Durmió allí mismo en la boca de la cueva. Cuando despertó a la mañana siguiente, se dispuso inmediatamente a deshacerse de los cadáveres. Le sorprendió descubrir que no sentía el menor remordimiento, que podía mirar a los hombres que había matado sin que la conciencia le remordiera en absoluto. Uno a uno, los fue sacando de la cueva y arrastrándolos hasta la parte de atrás para enterrarlos debajo del chopo, al lado del ermitaño. A primera hora de la tarde acabó con el último cadáver. Agotado por el esfuerzo, volvió a la cueva para comer algo y fue entonces, justo cuando se sentó a la mesa y empezó a servirse un vaso de whisky de los hermanos Gresham, cuando vio las alforjas tiradas debajo de la cama. Según me contó Effing, fue en ese preciso momento cuando todo cambió otra vez para él, cuando su vida viró súbitamente en una nueva dirección. Había seis grandes alforjas en total y al vaciar el contenido de la primera sobre la mesa supo que su estancia en la cueva había terminado; así, con la fuerza y la rapidez de un libro que se cierra de golpe. Había dinero sobre la mesa, y cada vez que vaciaba otra alforja, el montón iba creciendo. Cuando finalmente lo contó, sólo en metálico había más de veinte mil dólares. Mezclados con el dinero, encontró varios relojes, pulseras y collares, y en la última alforja habla tres apretados fajos de bonos al portador que representaban otros diez mil dólares en inversiones tales como una mina de plata en Colorado, la compañía Westinghouse y la Ford Motors. En aquellos tiempos eso era una suma increíble, me dijo Effing, una verdadera fortuna. Si lo administraba correctamente, tendría suficiente para vivir el resto de su vida.

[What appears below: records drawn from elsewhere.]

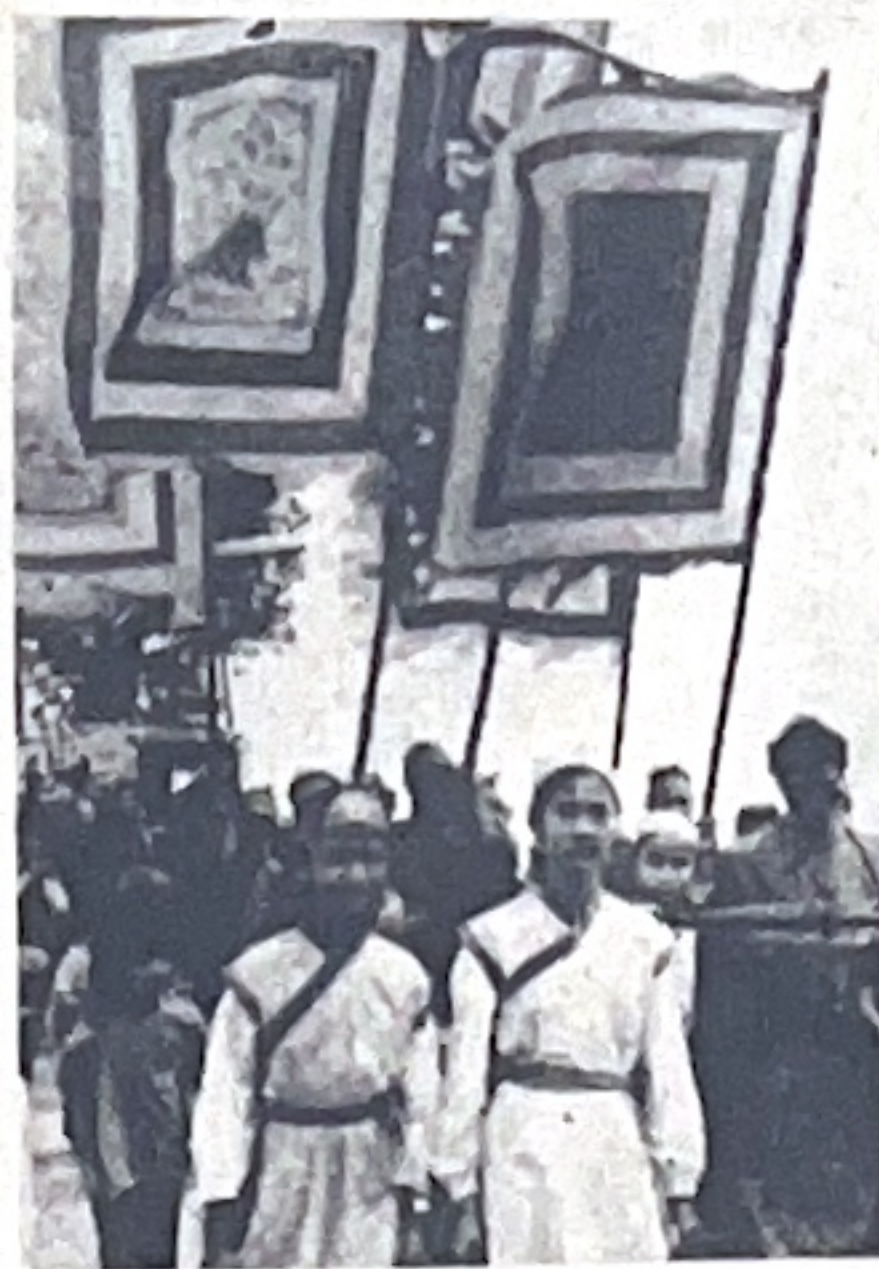
Hội Lim
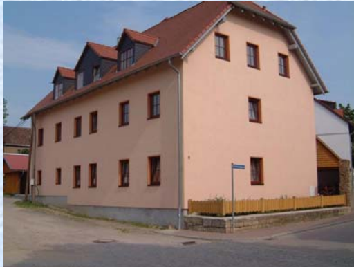
Brunnengasse 1 – Bild 1
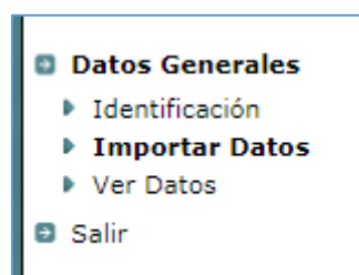
Figura 3 – Menú importar datos

En Alborán, esta opción está disponible en el menú “Importar Datos”:
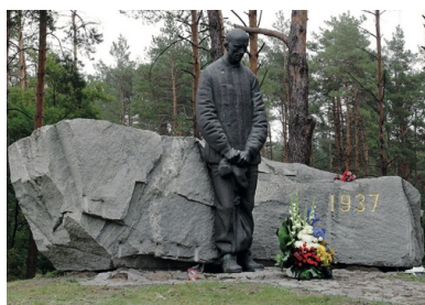
Pomnik poświęcony ofiarom represji sowieckich z 1937 w Bykowni k. Kijowa.

NP: Tak. A z kogo przede wszystkim składała się każda armia? Z chłopów i robotników. Co więcej, doskonale wiemy, że spośród wszystkich partii komunistycznych działających w Moskwie Stalin rozwiązał tylko partię polską. Inne represjonował, „czyścił”, ale polską zlikwidował całkowicie. Członkowie Komunistycznej Partii Polski, w jego ocenie, byli najbardziej niebezpieczni, „zakażeni” kontaktami z obcymi służbami wywiadowczymi.
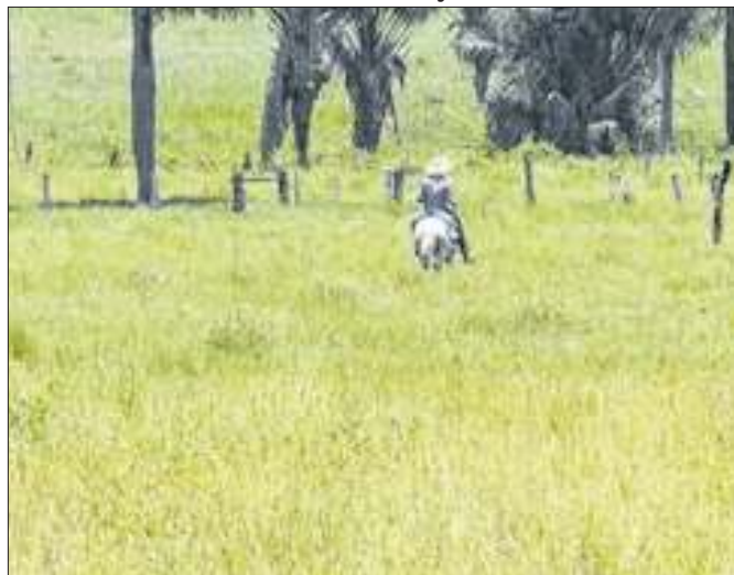
Para veterinário, o bem-estar do animal é a prioridade
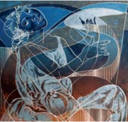
HANS ERNI 1909
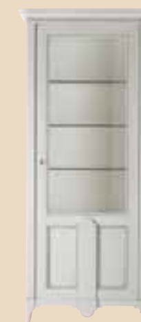
667 Vetrina 1 anta dx 1 door cabinet l. 90 p. 50 h. 202 50 Kg / 0,9 m 3
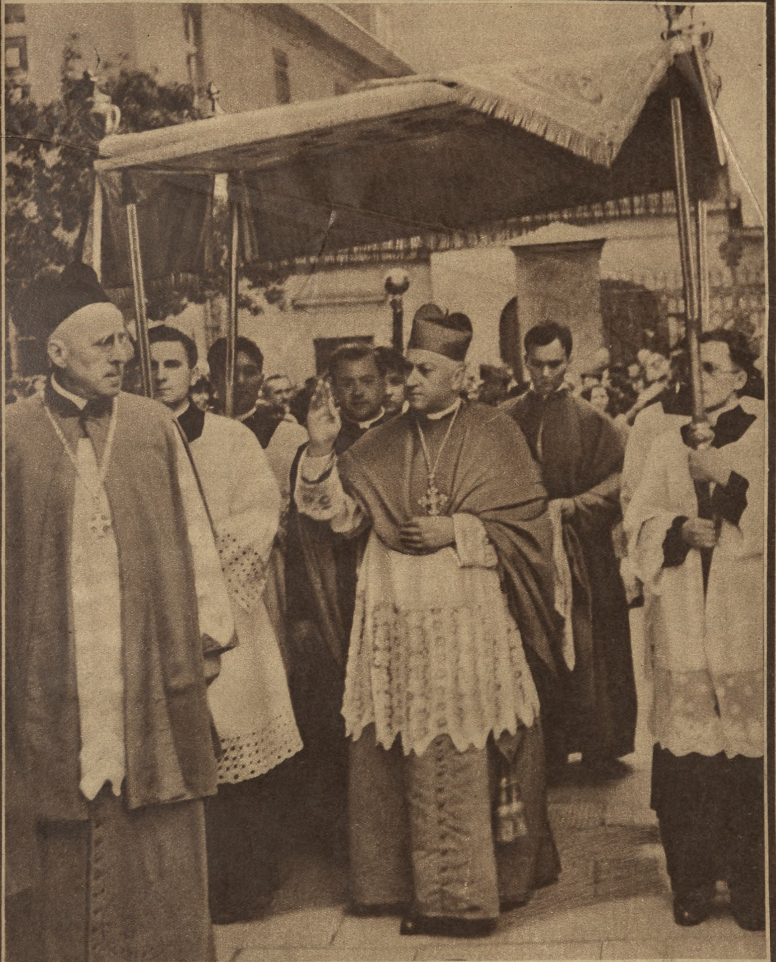
Legat Papieski, J. Em. Ks. Kardynał Dr August Hlond, Prymas Polski, w otoczeniu swej świty duchownej i świeckiej, udaje się do Katedry Poznańskiej. (W piątek 25 czerwca o godz. 16-tej odbyło się uroczyste wprowadzenie do Katedry Legata Papieskiego i nabożeństwo inauguracyjne.
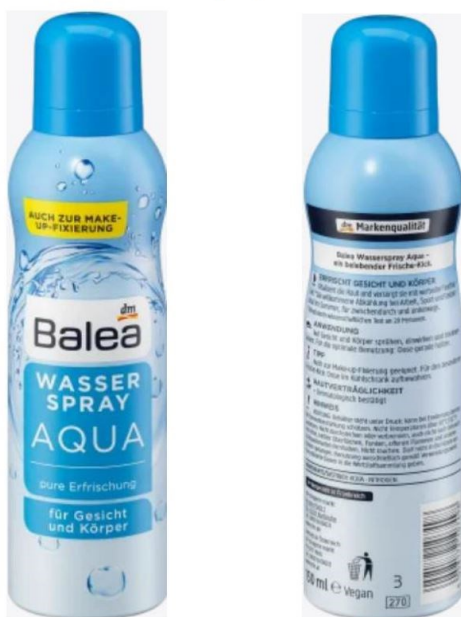
Balea Aqua Wasserspray, 150 ml
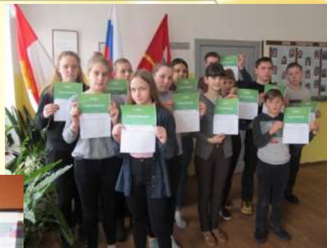
МБОУ Усвятская СОШ
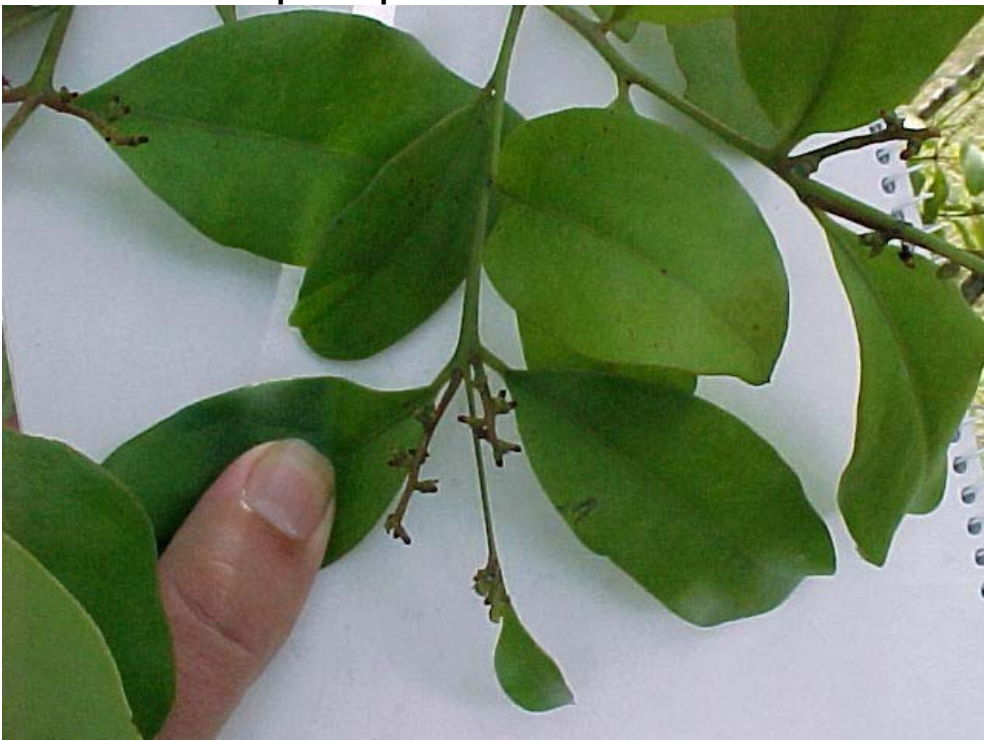
... y luego ya crecida ...
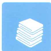
タオルや布類の 除菌・消臭に
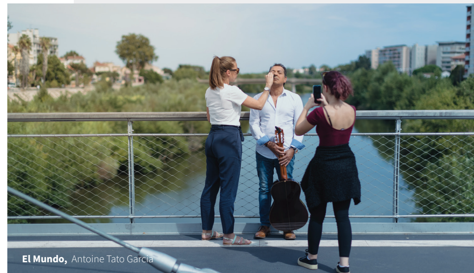
El Mundo, Antoine Tato Garcia

Recherche et analyse du thème, organisation de la structure narrative et choix du dispositif de la mise en scène documentaire.
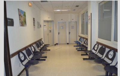
A LA SALA DE ESPERA
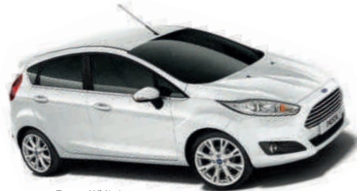
Frozen White* Базовый цвет кузова
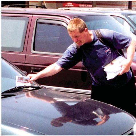
Les distributeurs de littérature Alamo sont plus nombreux chaque jour à travers le monde.

Les demandes de H.M. ont été satisfaites.
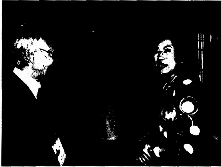
รองศาสตราจารย์ทัศนาศา บัญทอง สมาชิกวุฒิสภาและหัวหน้าคณะผู้แทนรัฐสภาไทย สนทนากับนาย Tetsuya Hirose เลขาธิการสหภาพสมาชิกรัฐสภาเอเชียและแปซิฟิก (APPU)
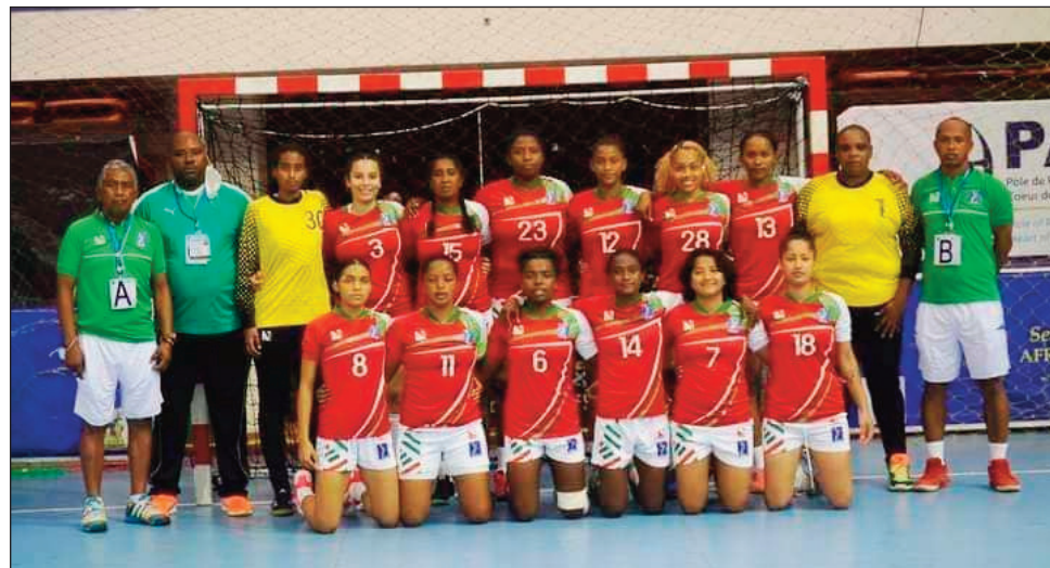
Ny mpilalao Handball vehivavy Malagasy tany Cameroun.
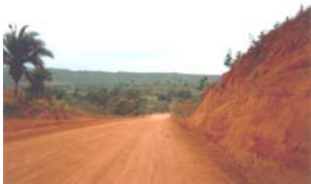
Paisagem de ocorrência de Latossolo Vermelho-Amarelo.
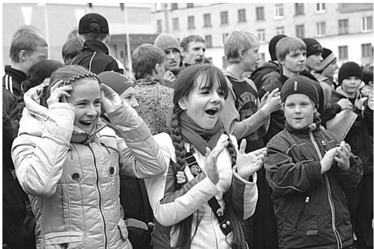
Хорошее настроение и новые друзья – лучшая награда участникам соревнования.
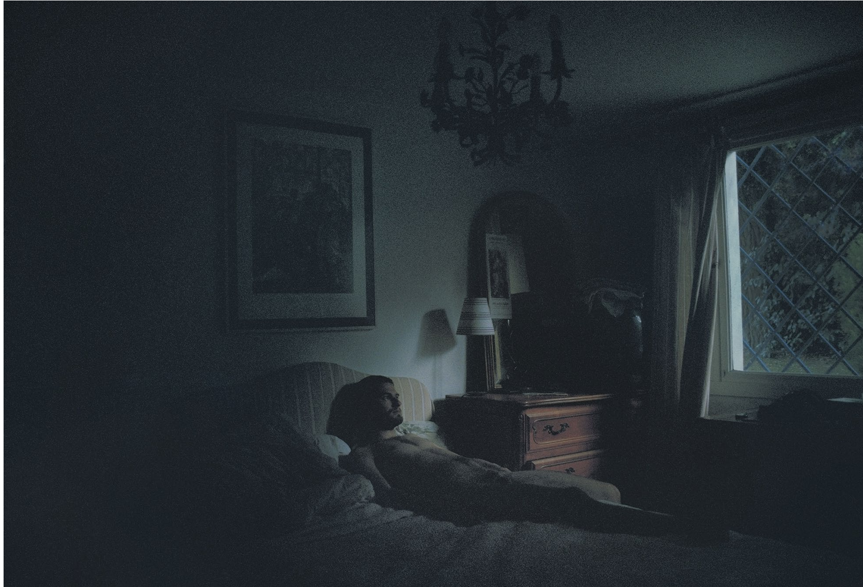
Bleu - chambre
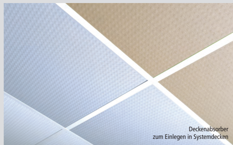
Deckenabsorber zum Einlegen in Systemdecken
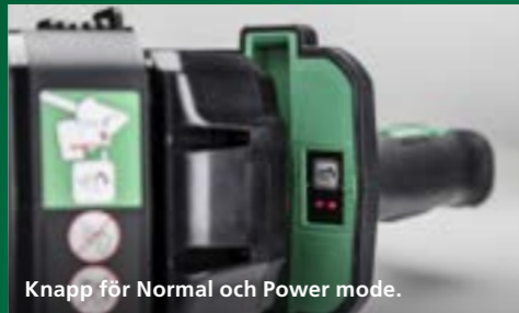
Knapp för Normal och Power mode.
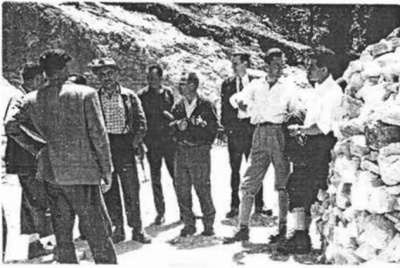
33 MONTNER (PO)1960
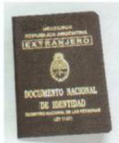
DNI BORDÓ MANUSCRITO
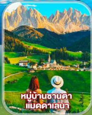
หมู่บ้านซานคา แม็คดาลเลน่า
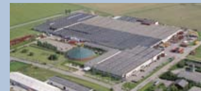
Nørre Alslev, Denmark
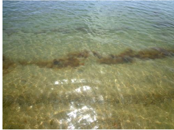
สภาพชายฝั่งบริเวณหาดชลาทัศน์ที่สำรวจ
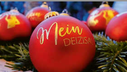
Standplatzbewerbung für den Weihnachtsmarkt
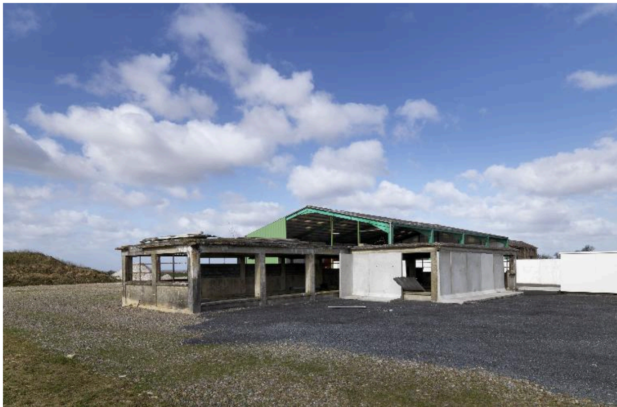
Vestige de l'ancienne sucrerie.
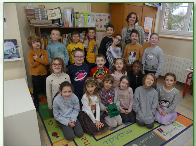
Classe de CE1
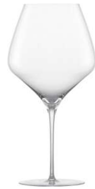
THE FIRST - 95.5 CL
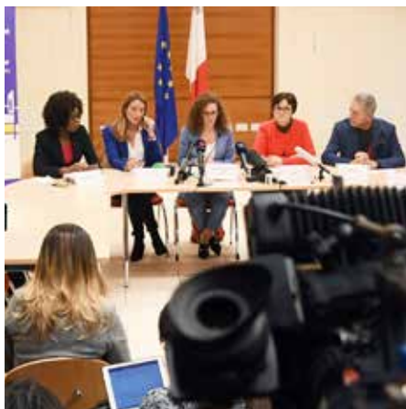
Het Europees Parlement stuurde een onderzoekscommissie naar Malta.

En de vastgoedsector is al helemaal knudde. Helemaal schokkend is de deal over het Vitals ziekenhuis. Dat gaat 2 miljard euro wegsluizen, maar niemand weet wie de eigenaars van Vitals zijn. De casinowetgeving is een lachertje. De BTW op luxe goederen een grap.
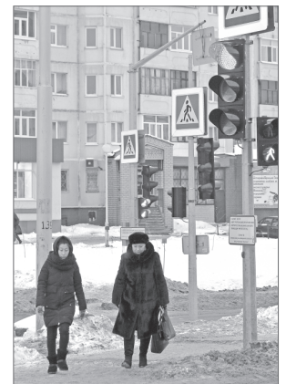
Пешеходный переход на улице Интернациональной.
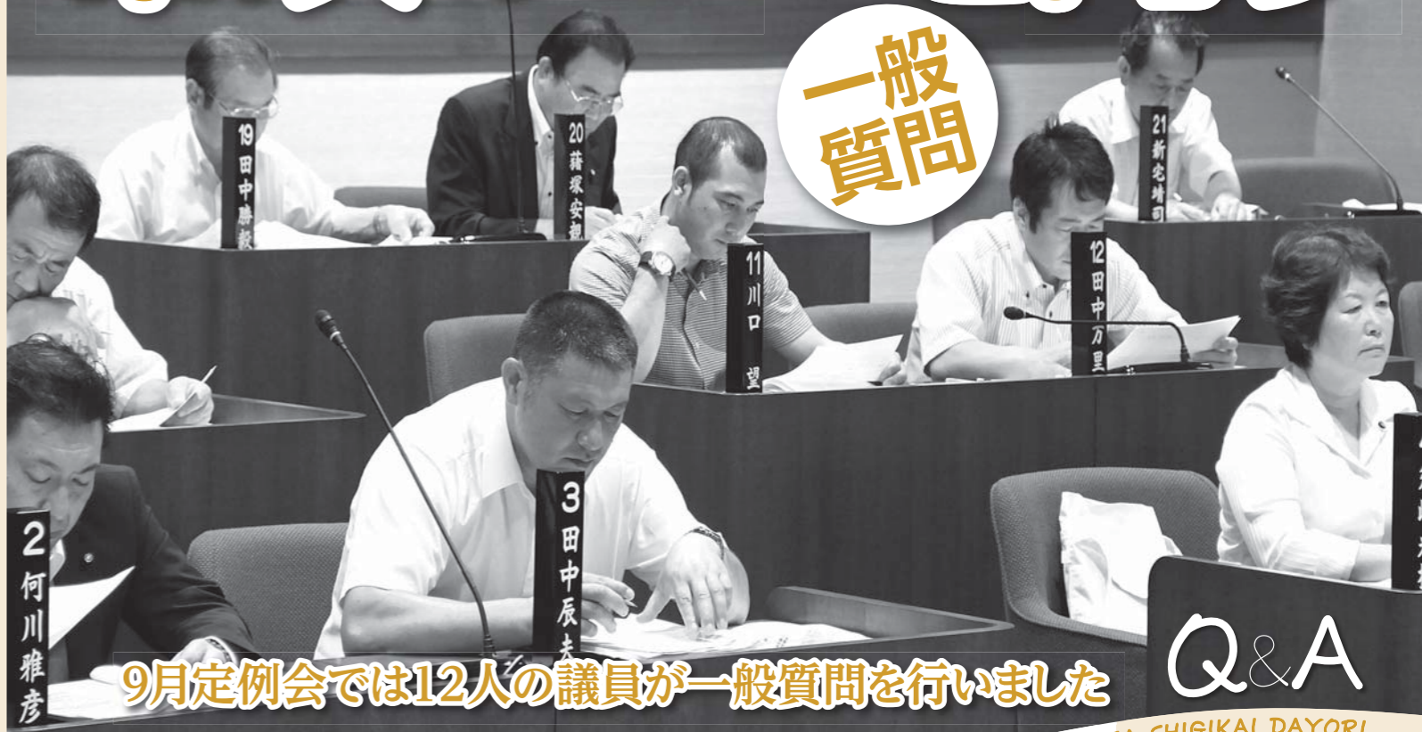
9月定例会では12人の議員が一般質問を行いました

Nunca se planteó devolver el dinero robado, me aseguró, ni pensó en ir a las autoridades e informar de lo ocurrido. No era que temiese ser descubierto cuando contara la historia, era, sencillamente, que quería quedarse con el dinero. Este impulso era tan fuerte que ni siquiera se molestó en reflexionar sobre sus actos. Cogió el dinero porque estaba allí, porque en cierto modo sentía que le pertenecía, y eso fue todo. La cuestión del bien y el mal no se le pasó por la cabeza. Había matado a tres hombres a sangre fría y ahora estaba más allá de las sutilezas de tales consideraciones. Además, dudaba que hubiera mucha gente que llorase la pérdida de los hermanos Gresham. Habían desaparecido y el mundo no tardaría mucho en acostumbrarse a su ausencia. El mundo se acostumbraría, lo mismo que se había acostumbrado a vivir sin Julian Barber.

Pasó todo el día siguiente preparándose para partir. Colocó bien los muebles, lavó todas las manchas de sangre que encontró y guardó cuidadosamente sus cuadernos en el armario. Lamentaba tener que despedirse de sus cuadros, pero no le quedaba otro remedio, así que los apiló cuidadosamente a los pies de la cama y de cara a la pared. No tardó más de un par de horas en hacer esto, pero pasó el resto de la mañana y toda la tarde recogiendo piedras y ramas bajo el ardiente sol para tapar la boca de la cueva. Le parecía dudoso que alguna vez volviera allí, pero de todas formas quería que el lugar permaneciese oculto. Era su monumento particular, la tumba en la cual había enterrado su pasado, y cada vez que pensara en ella en el futuro, deseaba saber que todavía estaba exactamente como él la habla dejado. De esa manera continuarla sirviéndole de refugio mental, aunque nunca volviera a poner el pie allí.